1.4 Verweerder heeft de op de zaak betrekking hebbende stukken overgelegd en een verweerschrift ingediend.
1.5 Het onderzoek ter zitting heeft plaatsgevonden op 23 november 2006 te Arnhem.
Eiseres is daar vertegenwoordigd door haar voorzitter, [voorzitter], bijgestaan door [gemachtigde]. Namens verweerder zijn verschenen [gemachtigde] en [gemachtigde].
2. Feiten
Op grond van de stukken van het geding en het verhandelde ter zitting staat het volgende vast.
2.1 Eiseres is als vereniging opgericht in [jaartal]. Bij statutenwijziging van 9 februari 2001 is de rechtsvorm omgezet in een stichting.
Volgens artikel 2, lid 1, van de Akte van omzetting heeft de stichting ten doel:
‘a. het instandhouden en exploiteren van een gebouw – [dorpshuis] – in [Z] ([provincie]), gemeente [plaats], ten behoeve van de stimulering van het [Z] gemeenschapsleven, …;
b. het verrichten van alle verdere handelingen, die met het vorenstaande in de ruimste zin verband houden of daartoe bevorderlijk kunnen zijn’.
Volgens het tweede lid tracht de stichting haar doel onder meer te verwezenlijken door:
‘
- het verrichten van werkzaamheden verbonden aan het instandhouden en exploiteren van [dorpshuis];
- het recht te waarborgen van alle te [Z] ([provincie]) gevestigde instellingen, derhalve ook van minderheidsgroepen, op een met hun behoeften overeenkomend gebruik van [dorpshuis], tegen naar, in het maatschappelijk verkeer gebruikelijke, vast te stellen vergoedingen.

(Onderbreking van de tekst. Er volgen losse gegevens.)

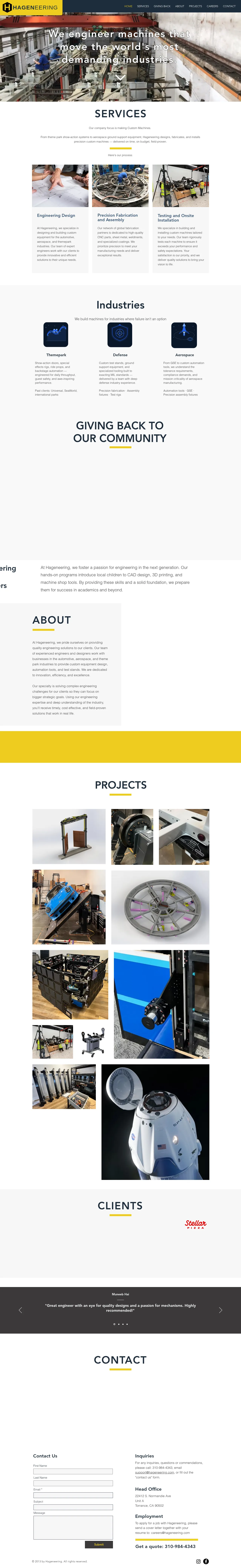 Hageneering is an engineering firm that specializes in the design, fabrication, and installation of custom machinery. The company serves the automotive, aerospace, and theme park industries by providing tailored solutions ranging from electrical power distribution to integrated motion control systems. Their services include comprehensive engineering design, precision assembly, and global onsite installation support. With a focus on innovation and technical excellence, the team manages projects from initial concept through to final testing. Hageneering maintains a strong commitment to quality and safety, ensuring all delivered equipment meets specific client performance standards.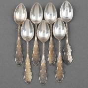 Set van zeven 2e gehalte zilveren kwast theelepels met getorste steel, gewicht 72 gram, 11 cm

- het bieden van een ontmoetingsplaats voor de bewoners van [Z] (…).
- alle andere wettige middelen, welke voor het doel van de stichting bevorderlijk kunnen zijn.’
2.2 In het uittreksel uit het handelsregister van de Kamer van Koophandel is als bedrijfsomschrijving vermeld:
‘Exploitatie verenigingsgebouw met verstrekking van alcoholhoudende en alcoholvrije dranken voor gebruik ter plaatse.’
2.3 Volgens het financieel verslag 2003 van eiseres, opgemaakt door [gemachtigde], bedroeg de omzet in 2003 € 135.494. Die omzet is gesplitst in:
Omzet buffet € 80.869
Omzet huur 49.922
Omzet overige 4.703
------------
€ 135.494
========
2.4 Als bijlage bij het financieel verslag 2003 heeft eiseres het volgende overzicht verstrekt van de activiteiten die in [dorpshuis] plaatsvinden:
‘Activiteit Frequentie per jaar
Stratenvolleybal 10 avonden
Singer songwriters sessie *) 3 avonden
Internationaal tafeltennistoernooi 1 avond
Seniorensoos *) wekelijks 1 middag
Concerten muziekvereniging *) 3 avonden
Musical basisschool 2 middagen
Country danslessen wekelijks 2 avonden
Ren je rot – sport wekelijks 1 avond
Damesgilde maandelijks
[B] – damesgym wekelijks 1 ochtend
Training volleybal jeugd wekelijks 2 maal
Training volleybal volwassenen wekelijks 1 maal
Oefenruimte [C] wekelijks verschillende malen
Tafeltennis training wekelijks 1 avond
Tafeltennis wedstrijden 2-wekelijks zaterdagochtend
Biljartclub wekelijks 2 maal
Vergaderingen verenigingen wekelijks
Sportfairgala *) 1 dag
Trancefeest 1 avond
Commerciële activiteiten
Koffietafel
Receptie
Feest
*) De met een sterretje aangegeven activiteiten komen mede voort uit initiatief van de stichting en die hebben daarbij een belangrijk deel van de organisatie in handen.’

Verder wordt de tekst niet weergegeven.